Data records
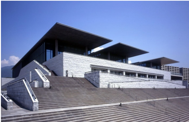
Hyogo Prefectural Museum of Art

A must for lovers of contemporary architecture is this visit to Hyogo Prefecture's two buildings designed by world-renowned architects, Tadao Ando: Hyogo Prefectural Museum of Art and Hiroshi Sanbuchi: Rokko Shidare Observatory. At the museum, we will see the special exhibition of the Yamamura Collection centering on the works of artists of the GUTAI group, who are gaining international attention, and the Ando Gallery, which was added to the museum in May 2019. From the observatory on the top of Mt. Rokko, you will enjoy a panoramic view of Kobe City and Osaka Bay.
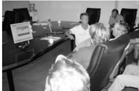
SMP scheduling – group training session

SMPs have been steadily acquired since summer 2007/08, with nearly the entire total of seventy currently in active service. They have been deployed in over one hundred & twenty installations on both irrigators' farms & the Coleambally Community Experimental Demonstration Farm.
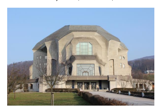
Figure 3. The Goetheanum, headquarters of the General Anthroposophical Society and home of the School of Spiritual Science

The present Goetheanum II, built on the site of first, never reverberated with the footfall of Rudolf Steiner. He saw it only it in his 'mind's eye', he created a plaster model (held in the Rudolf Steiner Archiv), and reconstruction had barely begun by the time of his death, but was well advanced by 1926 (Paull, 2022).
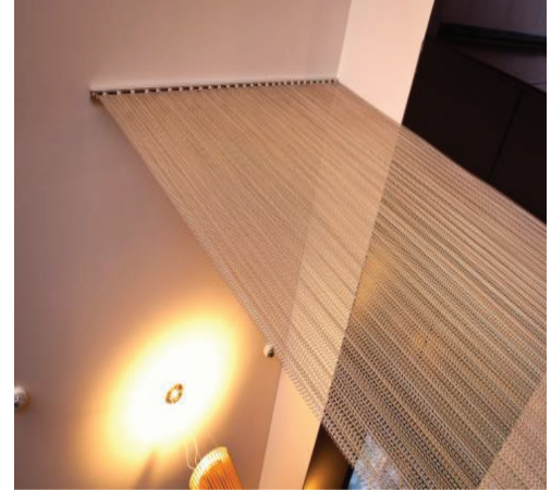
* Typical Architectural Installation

- TASK STATEMENT
Retype the lines from the one containing "SMPs have been" down to the last line of the records, both included, exactly and nothing more. Pictures stay out.

- SOLUTION FOR THIS EXERCISE
SMPs have been steadily acquired since summer 2007/08, with nearly the entire total of seventy currently in active service. They have been deployed in over one hundred & twenty installations on both irrigators' farms & the Coleambally Community Experimental Demonstration Farm.
Figure 3. The Goetheanum, headquarters of the General Anthroposophical Society and home of the School of Spiritual Science

The present Goetheanum II, built on the site of first, never reverberated with the footfall of Rudolf Steiner. He saw it only it in his 'mind's eye', he created a plaster model (held in the Rudolf Steiner Archiv), and reconstruction had barely begun by the time of his death, but was well advanced by 1926 (Paull, 2022).
* Typical Architectural Installation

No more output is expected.